1. The drive element 4 of FIG. 4 carries a two-part engaging
element 100 that includes a first part 102 and a second part 104.
The first part 102 is guided by an oblique passageway that
functions as a first guide 106, and this first guide 106 is
oriented at an oblique angle with respect to the longitudinal axis
of the tool. The tool also defines an additional guide 108 which in
this embodiment is positioned transversely to the longitudinal
axis.
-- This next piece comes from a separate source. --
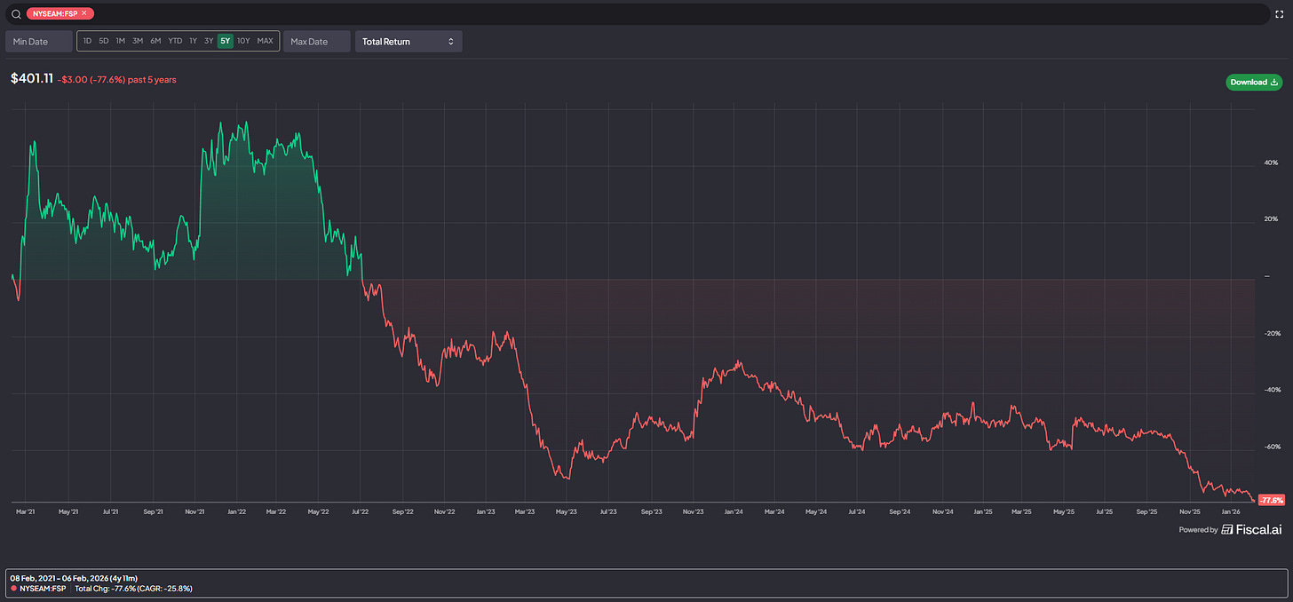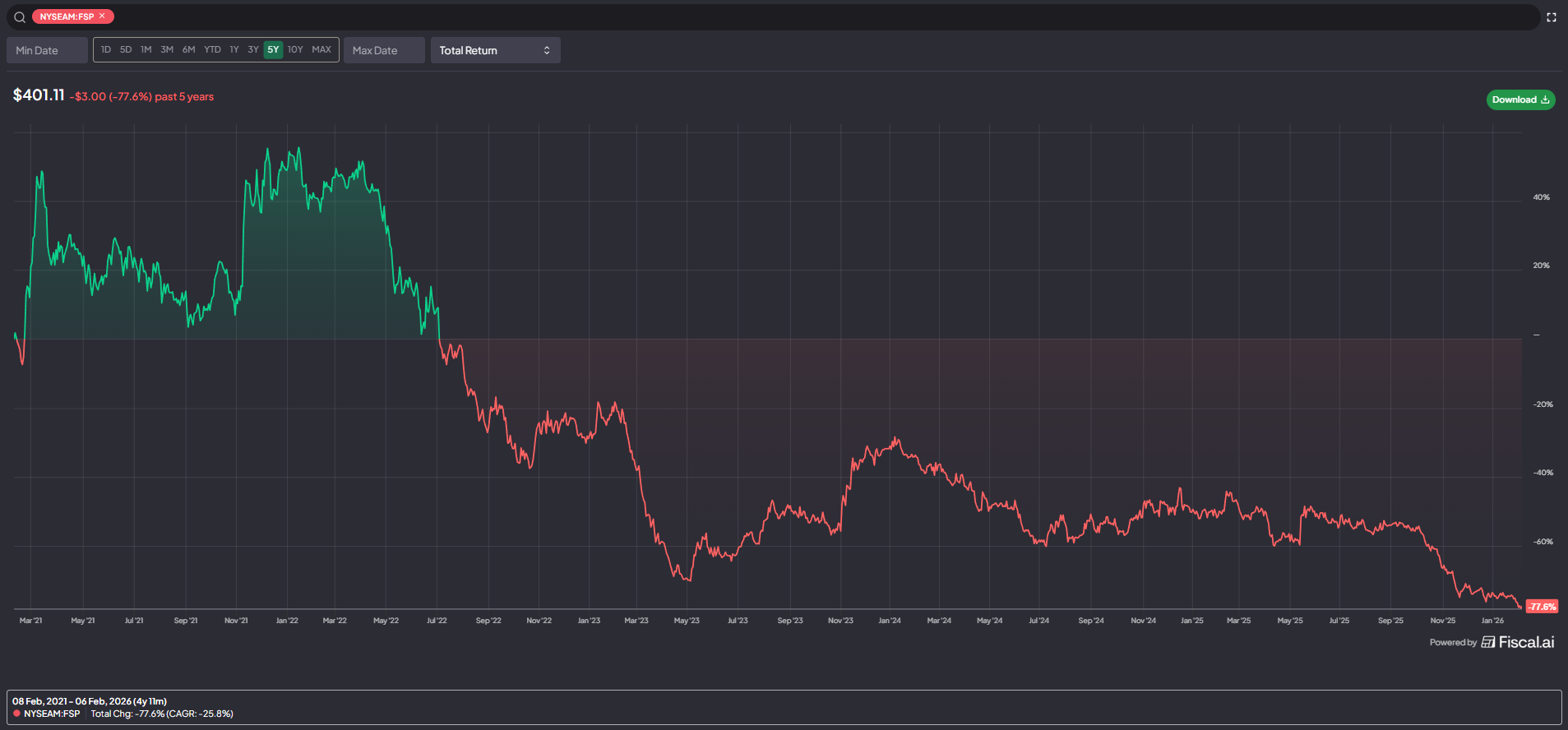 All of which is a very long winded way to bring me to Franklin Street Properties (FSP). FSP is a REIT that owns ~14 office buildings in ~four markets (Dallas, Denver, Houston, Minneapolis). To put it kindly, these are not exactly pristine assets. Office buildings in general aren’t exactly en vogue, and older office buildings with <70% occupancy (FSP’s occupancy at their last quarter was ~69%; nice for the memes, not so nice for the owner!) are basically toxic right now. Of course, you probably didn’t need me to tell you that low occupancy office properties aren’t in high demand; anyone who has followed public (or private!) markets for the last ~5 years knows office is not great, and a quick glance at FSP’s stock chart would have reaffirmed everyone’s priors: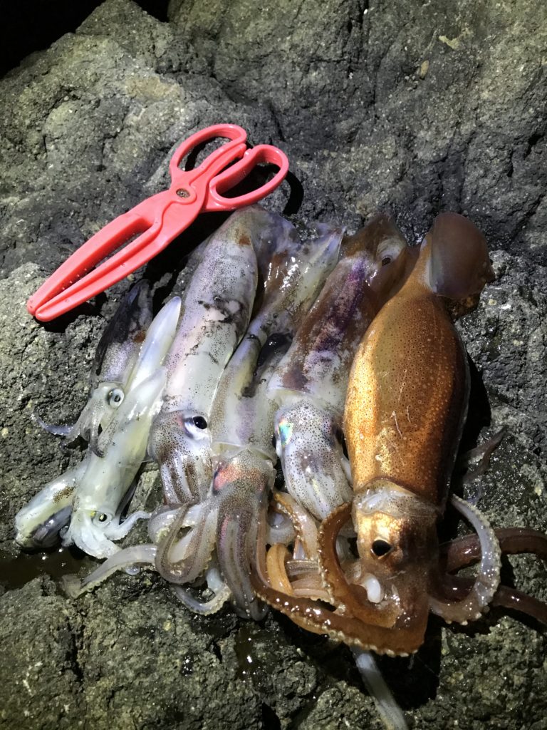 自分は、マイカとヤリイカ狙いなので、どうしても潮通しの良い場所、沖に面している磯場が中心なのでこの時期は、なかなか釣りになりません。

This additional guide 108 is also formed as a passageway, and
the second part 104 is at least partially disposed in the
additional guide 108. The first part 102 defines a cam surface 110
and the second part 104 defines a cam surface 112. A first
releasing spring 114 biases the first part 102 upwardly, away from
the drive stud 10, and a second releasing spring 116 biases the
second part 104 into the drive stud 10. As illustrated, a retainer
118 can be press fit or otherwise mounted in the additional guide
108 to provide a reaction surface for the second releasing spring
116 or may be peened or otherwise fitted so as to be mounted in the
additional guide 108.
[0058] In alternative embodiments, the releasing spring 114 can be
eliminated if the releasing spring 116 exerts sufficient forces
biasing the first part 102 toward the spring receiving guided
element 130. Also, in other alternative embodiments, the spring 116
can be eliminated, as described below in conjunction with FIG.
5.
[0059] A spring-receiving guided element 130 biased by an engaging
spring 122 is coupled to the first part 102 and these parts operate
in a manner similar to the spring-receiving guided element 130 and
the engaging spring 62 described above in conjunction with FIG. 1.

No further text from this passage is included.